Don’t try to be a hero, because your odds of pulling it off are not good, even if you are as athletic and adrenaline-charged as Blake Broussard was that day. This is the sort of gig Chuck Norris’s stuntman would need three takes to get right. Somehow, Blake nailed it on the first try.

“That was a one-of-one. I don’t know if given the same situation that I could have done that twice,” he says. “If you find yourself in the situation that I found myself in and you can think of anything other than jumping back into your own boat, you should probably do that.”

The more he replayed the accident in his mind, the more convinced Blake became that no one should ever find themselves in that situation. Everyone makes mistakes. Even the best drivers misjudge a turn now and then. That’s why trucks come with seatbelts, and bass boats are equipped with engine cut-off switches, also known as kill switches.

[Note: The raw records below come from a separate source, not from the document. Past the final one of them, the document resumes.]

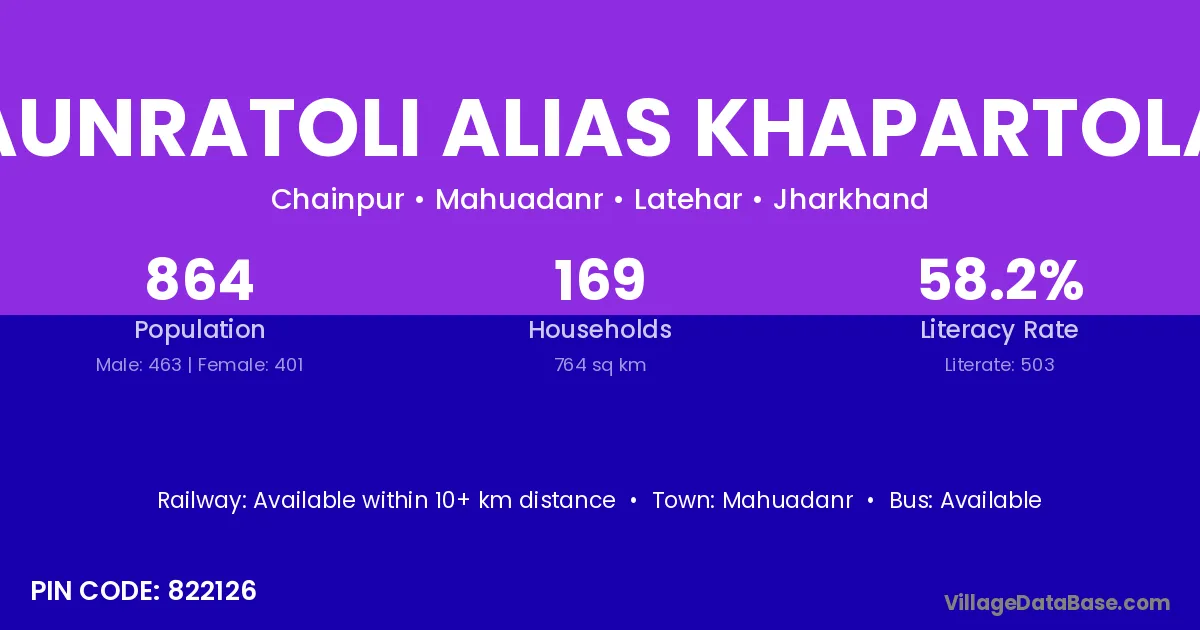 Aunratoli Alias Khapartola village has a total population of 864 people, of which 463 are males and 401 are females.
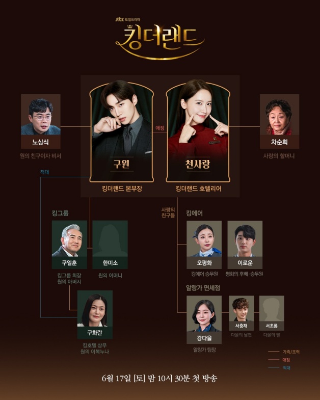 以具元和天嗣朗為故事主角,兩人之間有火花四射的感情線,在他們下方的就是具元的媽媽「鄭微笑」,具元身邊有父親、同父異母的姊姊、唯一的朋友秘書;天嗣朗雖然家人只有奶奶,但她有兩個好朋友「吳平和」和「強多乙」,有趣的是三個人都在王者集團上班!(笑)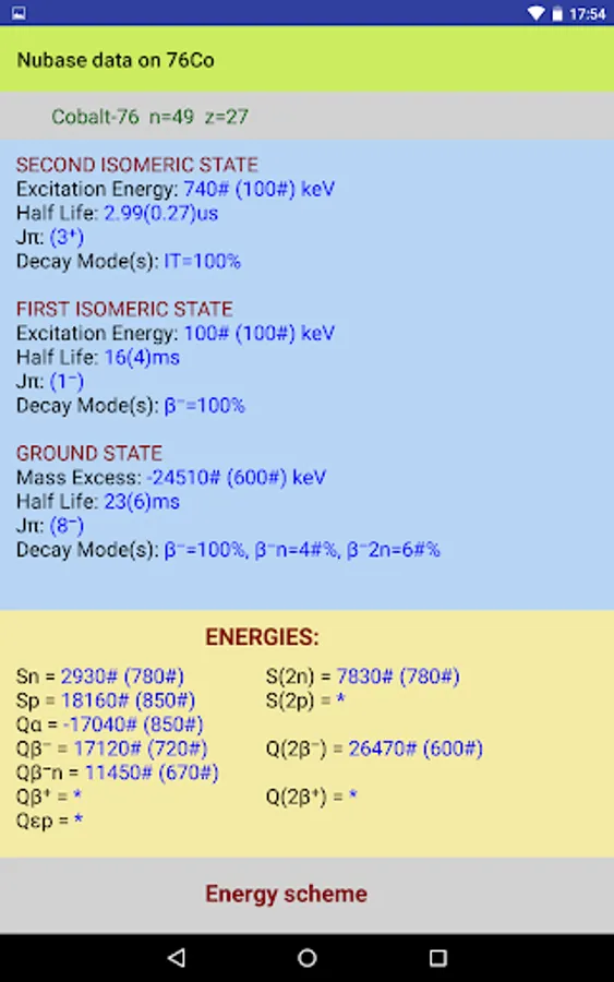 PUBLIC: is derived from the NUBASE module. The data are presented in a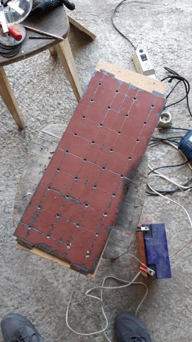 - В днище короба сверлим отверстия для подачи воздуха, а в стенках прорезаем подувала. Соблюдаем одинаковую дистанцию между отверстиями — 60 мм. Чтобы кислород входил равномерно, два ряда отверстий создаем в шахматном порядке. Расстояние от нижнего к верхнему — 30 мм.

“The kill switch is something that you should never, ever actually have to use, but it’s there such that when you do need it, it deploys properly. And that means it needs to be connected to your body and not taken for granted,” says Clay, who’s been sharing that kind of fatherly advice in deer stands and around fishing holes since Blake was a boy.

“He taught me everything I know about fishing and hunting and things of that nature—general being a man type stuff,” Blake says. Being a man also means helping others and owning up to your mistakes, and in the months after the accident Blake began to think it was his responsibility to share the video, just as stopping the boat had been. In some ways, it takes just as much courage to post a video like that to the internet as it does to wrangle a runaway bass boat. So Blake took his time.

“It took me a year and a lot of encouragement from a lot of people to post that video because I was I was fearful of the negative feedback that I would get,” Blake says. There was some of that in the online comments, but the overwhelming response was from fellow boaters praising him for sharing a lesson he’d learned the hard way. For Blake, that was reward enough.

“I just hope that maybe there’s that one guy that reminds his young son to put that life jacket on or put that kill switch on because of this. And he can visually show his son or his friend or even himself that this could happen to anybody.”